Stylus (Rio J.)  no.26 Rio de Janeiro jun. 2013

 

ENSAIOS

 

Uma resposta com base em evidências

 

A response based on evidence

 

 

Leonardo Rodriguez

 

 


RESUMO

A ideologia da prática "baseada em evidências", produto derivado da aplicação tendenciosa e economicamente orientada do discurso da ciência e da tecnologia, conseguiu excluir a psicanálise dos programas e serviços públicos de saúde mental, além de minar o status cultural da psicanálise com o público em geral: isso tem acontecido em um grande número de países já por algum tempo. Não faria o menor sentido responder a esta profunda depreciação da psicanálise nos termos adotados por tal ideologia. É muito mais proveitoso oferecer aos nossos colegas cidadãos as evidências apresentadas sem motivos outros por meio de nossa experiência. Como Freud argumentou há mais de um século na sua definição da psicanálise, nossa experiência diz respeito a fenômenos e eventos humanos que nenhuma outra disciplina, científica ou não, é capaz de investigar devidamente, quanto mais lidar com tal questão em qualquer grau de eficácia. A resposta analítica, portanto, tem se tornado um bem cultural que pode ser empregado muito eficientemente para se compreender e tratar os efeitos institucionais e sociais do mal de nossa civilização, e não apenas como um método de tratamento para aqueles indivíduos que procuram por nossa ajuda. Além disso, é pela análise do sofrimento íntimo de seres falantes individuais que a experiência psicanalítica traz à tona os descontentamentos de nossas sociedades, tal qual uma norma mascarada por formas sedutoras de prazer facilitadas pelos avanços tecnológicos.

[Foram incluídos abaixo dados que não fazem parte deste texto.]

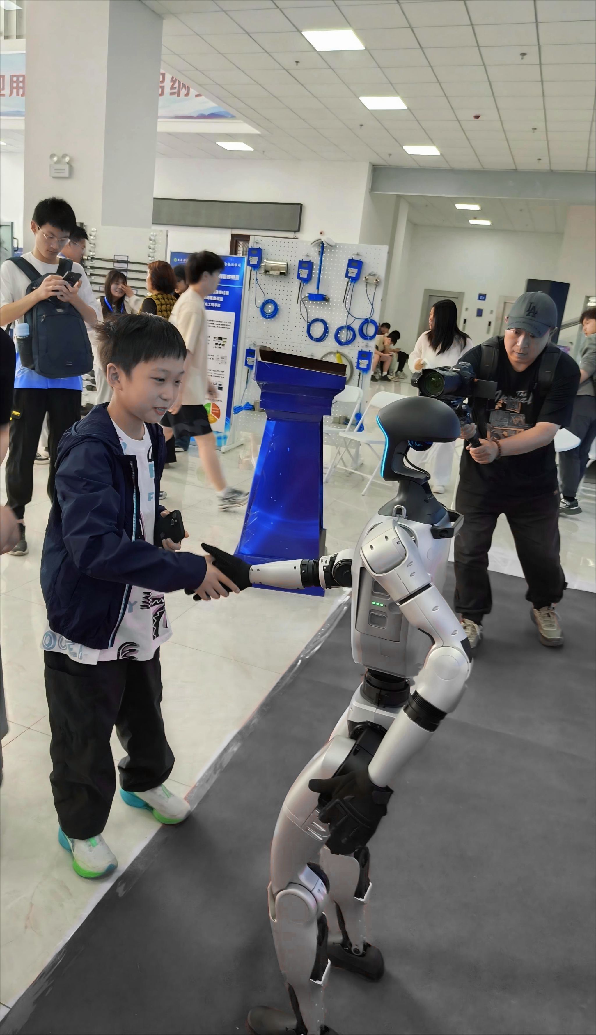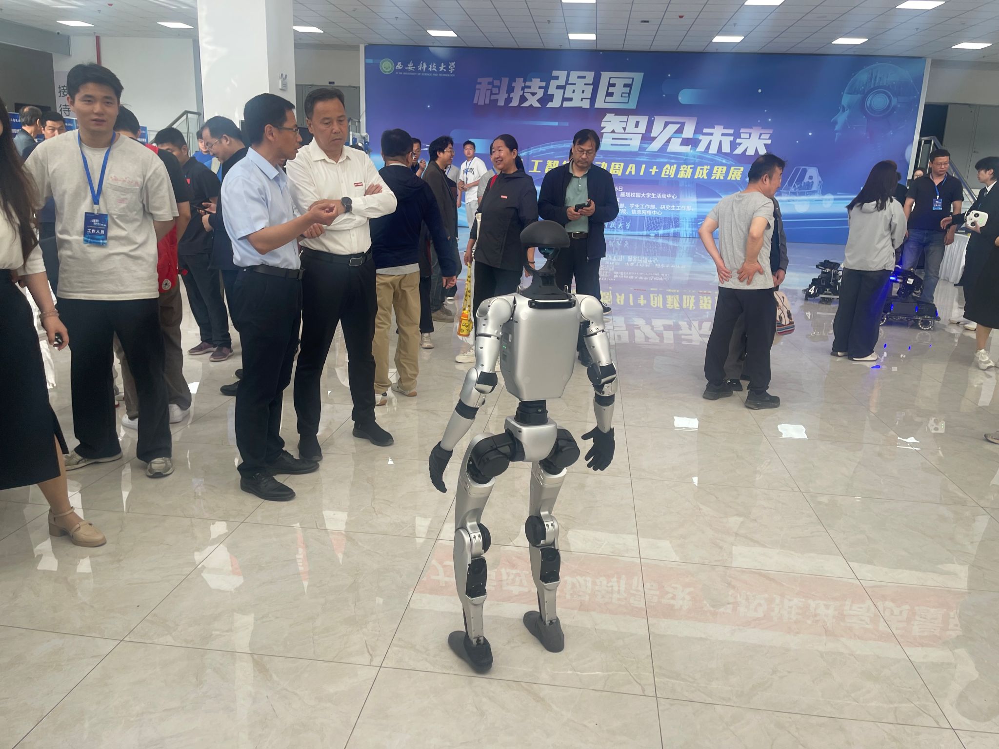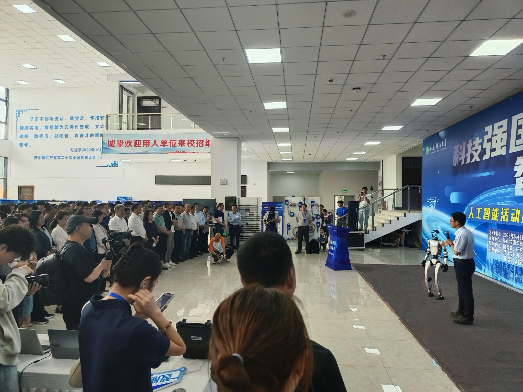 曾亮相体育节和工作会议的“网红”机器狗,此次展示了坐、卧、行走等指令。配备热像仪、激光雷达等传感器,可应用于高危环境智能巡检。侯锐志老师表示:“已实现从感知到认知的跃迁,为安全巡检提供创新解决方案。”

Palavras-chave: Discurso analítico, Eficácia clínica, Prática baseada em evidências, Criação de Freud, Psicanálise lacaniana.


ABSTRACT

The ideology of "evidence-based" practice, a derivative of an economically-driven, tendentious application of the discourse of science and technology, has managed to exclude psychoanalysis from publicly-funded mental health programs and services and to undermine the cultural status of psychoanalysis among the general public: this has been happening in a good number of countries for some time now. It would be futile to respond to this severe depreciation of psychoanalysis in the terms dictated by such ideology. It is more fertile to offer our fellow citizens the evidence provided without ulterior motives by our experience. As Freud indicated nearly a century ago in his definition of psychoanalysis, our experience concerns human phenomena and events that no other discipline, scientific or not, is capable of investigating properly, let alone dealing with it with any degree of efficacy. The analytic response has thus become a cultural asset that may well be employed to understand and treat the institutional and social effects of the malaise of our civilization, and not only a method of treatment for the individuals who come for our assistance. Yet it is through the analysis of the intimate suffering of individual speaking beings that the psychoanalytic experience throws light upon the discontents of our societies, as a rule masked by the seductive forms of jouissance that technological advances facilitate.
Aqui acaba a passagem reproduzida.